YOUR ASSIGNMENT. Return the listing that follows exactly, with no pictures included.

MATERIAL PROVIDED.
——
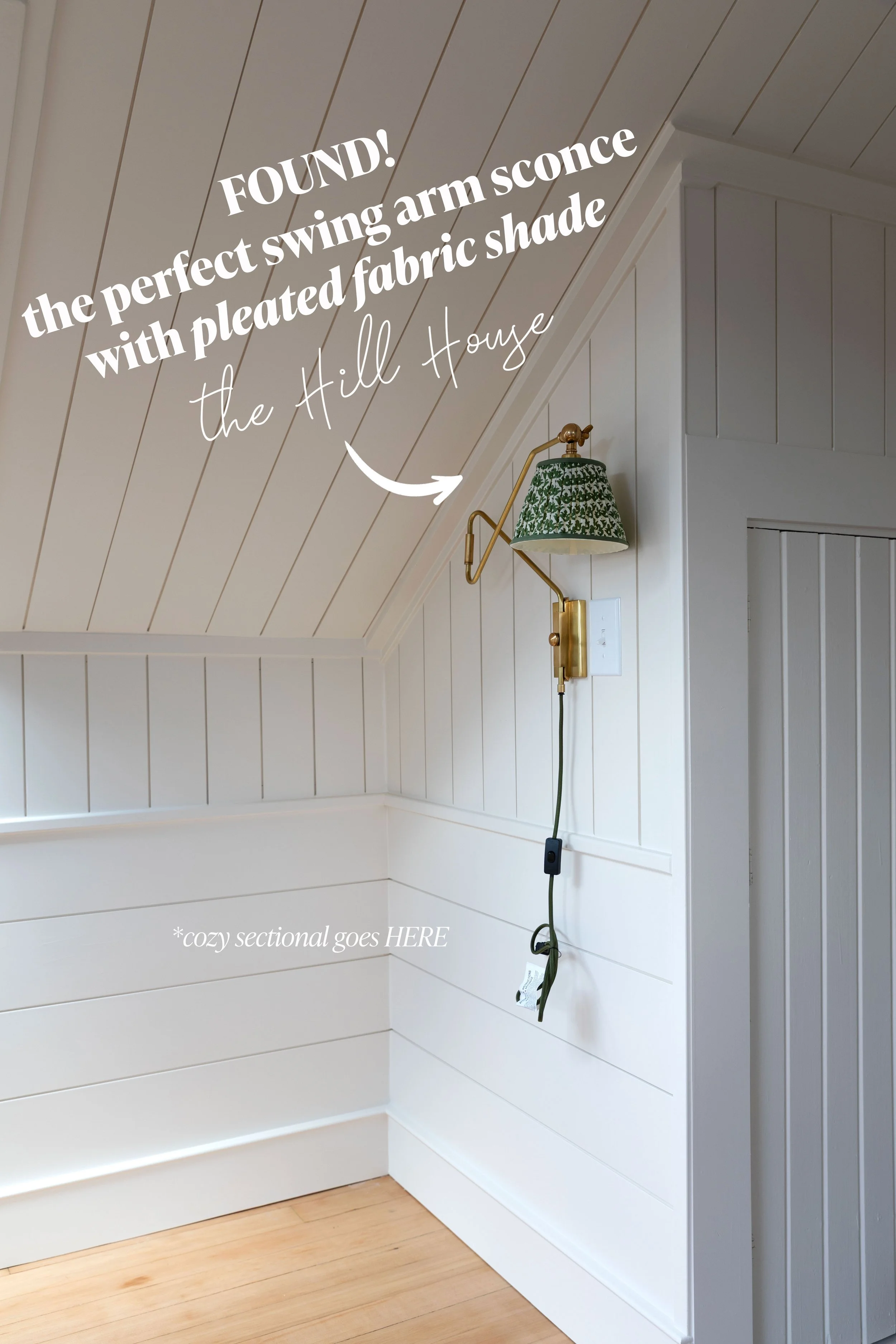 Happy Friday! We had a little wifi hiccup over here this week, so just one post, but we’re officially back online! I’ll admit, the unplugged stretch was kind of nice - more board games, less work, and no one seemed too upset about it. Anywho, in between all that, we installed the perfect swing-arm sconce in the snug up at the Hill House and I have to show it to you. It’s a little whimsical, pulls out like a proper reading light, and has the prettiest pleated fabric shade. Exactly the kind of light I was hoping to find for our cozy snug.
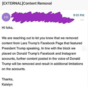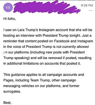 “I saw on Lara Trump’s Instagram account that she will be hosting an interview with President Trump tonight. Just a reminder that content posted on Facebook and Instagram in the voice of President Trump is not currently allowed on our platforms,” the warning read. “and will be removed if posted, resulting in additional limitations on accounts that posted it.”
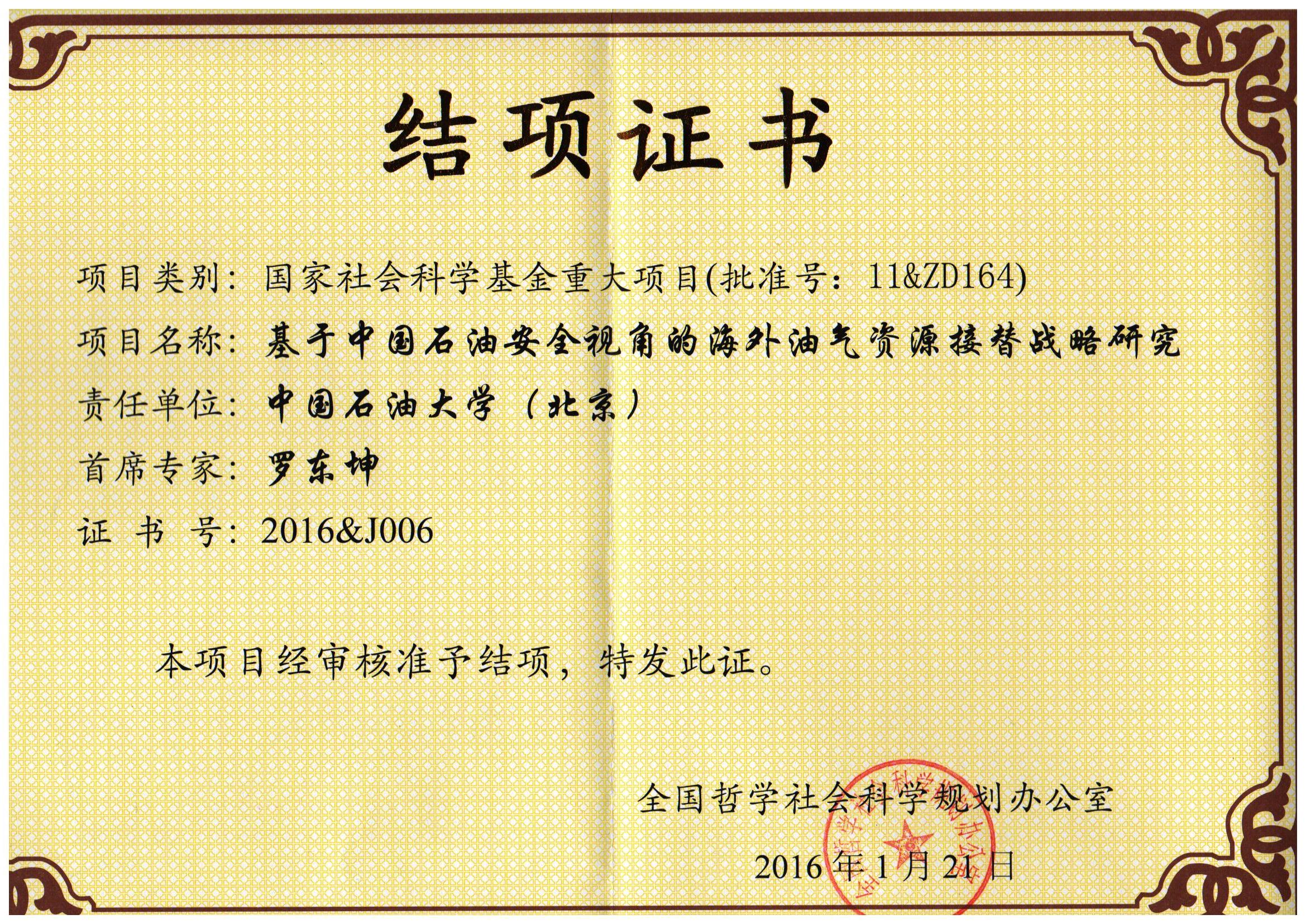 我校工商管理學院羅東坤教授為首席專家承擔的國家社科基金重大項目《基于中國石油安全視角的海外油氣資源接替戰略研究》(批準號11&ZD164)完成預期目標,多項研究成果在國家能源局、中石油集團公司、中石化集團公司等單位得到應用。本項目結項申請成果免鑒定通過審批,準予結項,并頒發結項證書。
——
RESULT FOR THIS TASK.
 Happy Friday! We had a little wifi hiccup over here this week, so just one post, but we’re officially back online! I’ll admit, the unplugged stretch was kind of nice - more board games, less work, and no one seemed too upset about it. Anywho, in between all that, we installed the perfect swing-arm sconce in the snug up at the Hill House and I have to show it to you. It’s a little whimsical, pulls out like a proper reading light, and has the prettiest pleated fabric shade. Exactly the kind of light I was hoping to find for our cozy snug.
 “I saw on Lara Trump’s Instagram account that she will be hosting an interview with President Trump tonight. Just a reminder that content posted on Facebook and Instagram in the voice of President Trump is not currently allowed on our platforms,” the warning read. “and will be removed if posted, resulting in additional limitations on accounts that posted it.”
 我校工商管理學院羅東坤教授為首席專家承擔的國家社科基金重大項目《基于中國石油安全視角的海外油氣資源接替戰略研究》(批準號11&ZD164)完成預期目標,多項研究成果在國家能源局、中石油集團公司、中石化集團公司等單位得到應用。本項目結項申請成果免鑒定通過審批,準予結項,并頒發結項證書。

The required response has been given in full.